今日の社説

2016/07/25 02:14

増えるクルーズ船 街の魅力に見合う金沢港に

 金沢港に入るクルーズ船の増加が著しい。今年はこれまでで最も多い30回の寄港が予定されている。来年はイタリアの1社だけで32回の寄港が決まり、今年の最多記録を更新する見通しになっている。

 金沢港でクルーズ船の寄港が増えるのは港から観光地が近いからだろう。船を下りてから移動に多くの時間をかけなくても、城下町の歴史や文化、食を堪能できる。北陸新幹線の金沢駅に近く、道路事情の改善が進んだことで周辺の観光地も訪ねやすくなった。

 富山県は金沢港に入るクルーズ船の乗客にとっても魅力的な訪問先に見えるのではないだろうか。金沢港から人を呼び込む方策を考えることは、地域経済にとってマイナスにはならないだろう。世界遺産の五箇山合掌造り集落や立山黒部アルペンルートなどの観光資源を生かして、クルーズ船観光の活力を取り込みたい。

 金沢港の課題は背後に広がる街の魅力に比べて、港の施設や景観が見劣りすることである。城下町の風情を期待してきたクルーズ船の乗客は港に下り立ったときに、どのような印象を抱くのだろうか。街の魅力や風格に見合うように港の整備を加速する時期に来ているのではないか。

 政府が近く策定する経済対策では訪日外国人を増やすための具体策として、クルーズ船が入る港の整備が盛り込まれる。この機会を生かして金沢港の機能を強化する必要がある。

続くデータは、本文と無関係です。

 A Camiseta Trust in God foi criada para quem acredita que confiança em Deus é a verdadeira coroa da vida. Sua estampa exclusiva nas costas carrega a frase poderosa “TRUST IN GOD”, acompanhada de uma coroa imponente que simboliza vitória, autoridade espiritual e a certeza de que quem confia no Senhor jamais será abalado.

 金沢港では大型クルーズ船は客船用の無量寺埠頭(ふとう)に接岸できず、貨物船用の埠頭を利用している。今年度から始まる無量寺埠頭の再整備を急がなければならない。

 乗客を受け入れる施設の整備も課題である。旅客ターミナルの機能を担う金沢みなと会館は手狭で老朽化が進んでおり、役割を十分に果たしているとは言い難い。夜間が暗い現状も改善を要する。海の玄関口として見劣りのする状態がこの先も続くのは、好ましくないだろう。

 金沢港は2020年に開港から50年を迎える。東京五輪・パラリンピックの開催時期と重なる節目に向けて、施設を拡充し、景観を整える必要性が高まっている。

国連事務総長選 現体制の評価も踏まえて

 国連安全保障理事会で、新しい事務総長の選考作業が本格的に始まった。今年末で任期満了となる潘基文事務総長の後任候補として現在、12人が名乗りを上げている。「ストローポール」と呼ばれる安保理の非公式投票を繰り返して候補者が絞り込まれるが、戦後の国際秩序が大きく揺れ動くなか、「国連の理想の象徴」というにふさわしい有能な事務総長を選んでもらいたい。

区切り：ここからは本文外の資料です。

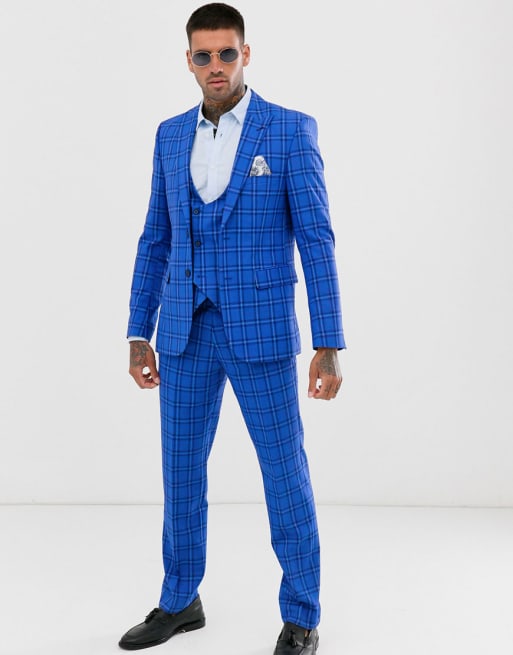 Harry Brown Bruiloft Slim Fit Kostuum In Opvallende Blauw Met

 次期事務総長の選考に当たっては、2期10年にわたって国連組織を率いた潘氏に対する国際的な評価を踏まえる必要もあろう。事務総長は国連行政組織の最高責任者であり、国際平和を脅かす重大な問題について、安保理に注意を促す権限を持ち、独自に調停に乗り出すこともできる。歴代事務総長には、大国の圧力に左右されぬ独立性と中立性を維持しながら、国際和平の実現に指導力を発揮した人が少なくない。

 これに対して、潘氏に対する国連外交筋などの評価は概して芳しくなく、存在感も業績も乏しいと言わざるを得ない。シリアのアサド政権による大量虐殺では、積極的に役割を果たそうとしなかったため、中東関係国の失望を買い、国連内部では「縁故主義」の人事を批判されるなど、マイナス評価が多い。中国が昨年実施した抗日戦争勝利70年記念行事に参加するなど、事務総長として中立性に反する言動も目についた。

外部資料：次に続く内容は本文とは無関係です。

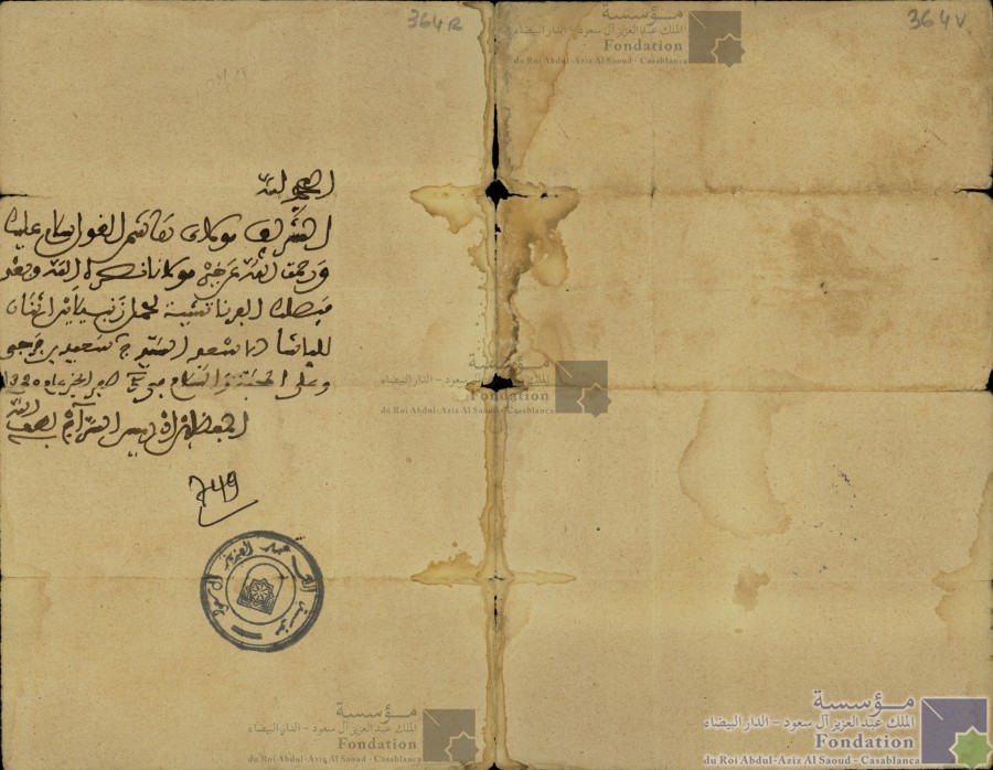 الحمد لله الشريف مولاي هاشمي الغول سلام عليك ورحمت الله عن خير مولانا نصره الله وبعد فيصلك الفرناتشية لحمل زنبلاين اثنان للباشا الأسعد سعيد فرجي وعلى المحبة والسلام في 5 صفر الخير عام 1320 المفضل بن إدريس السراج لطف الله به |

 事務総長としての力量不足を指摘される潘氏が2期続けられたのは、安保理常任理事国がうとましく思うほどの指導力を発揮しなかったことが一因といった皮肉な見方もなされる。後任事務総長は、国連の理想の体現者として広く尊敬される人物であってほしい。

 事務総長ポストは国連が定める世界5地域の持ち回りが慣例で、安保理の「密室選挙」で選ばれることに批判も根強い。このため、今回の事務総長選では候補者に対する公聴会が初めて開かれた。事務総長を実質的に決めるのは5常任理事国であるが、従来より開かれた形にした選考方法の改善がより良い事務総長の誕生につながるよう望みたい。